Tips on how to Trade Break Outs


The Breakout Trade



The Setup
For longs, many people like to use moving averages to identify trend and that’s ok, you can try a 20 period moving average. When it’s sloping up, you’re in an uptrend. Next, identify the origin of a strong move in price and draw two lines around the price action to create a demand zone (area “A”). An ideal pattern is the “Drop-Base-Rally”. In other words, area “A” should be preceded by a decline in price. Then, make sure there is a significant profit margin (profit target). This would be the distance from area “A” to “B”, the highest high of the initial breakout before price returns to “A” at “C”.
The Action
Buy at “C” when price touches the top black line and place your protective sell stop just below the lower black line. Adjust your position size so that you are not risking more than you are willing to lose.

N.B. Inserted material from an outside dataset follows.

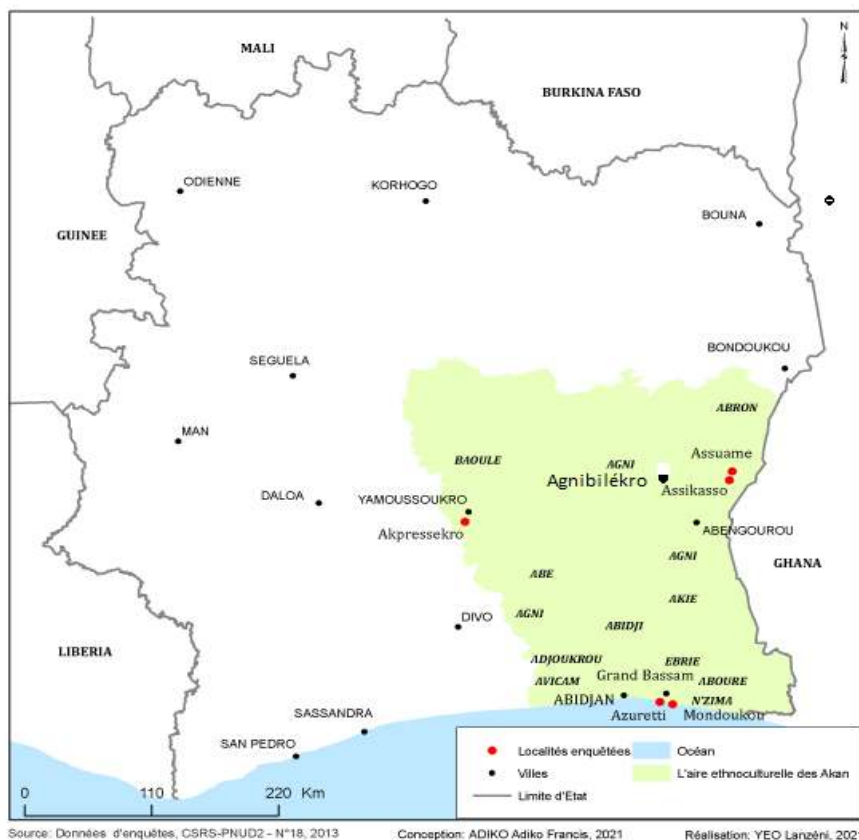
Carte n°1 : Localisation de la zone d'étude

Place your profit target based on the high of the initial breakout “B” which in this case would have you selling for a profit at “D”.
The Breakout: Two types of entries, very different odds




The Breakdown: Two types of entries, very different odds





The proper breakout entry works in any market and any time frame. A key component to making these work that is beyond the scope of this article is this: When taking any buy or sell entries in markets, make sure you know exactly where price is with regard to the larger time frame supply / demand curve. Whether you trade Stocks, Futures, Forex, and Options, understand that behind all the candles on your screen in all these markets are people and their emotions. Most will fall for the emotional trading traps set by fear and greed, others get paid from this type of novice thinking.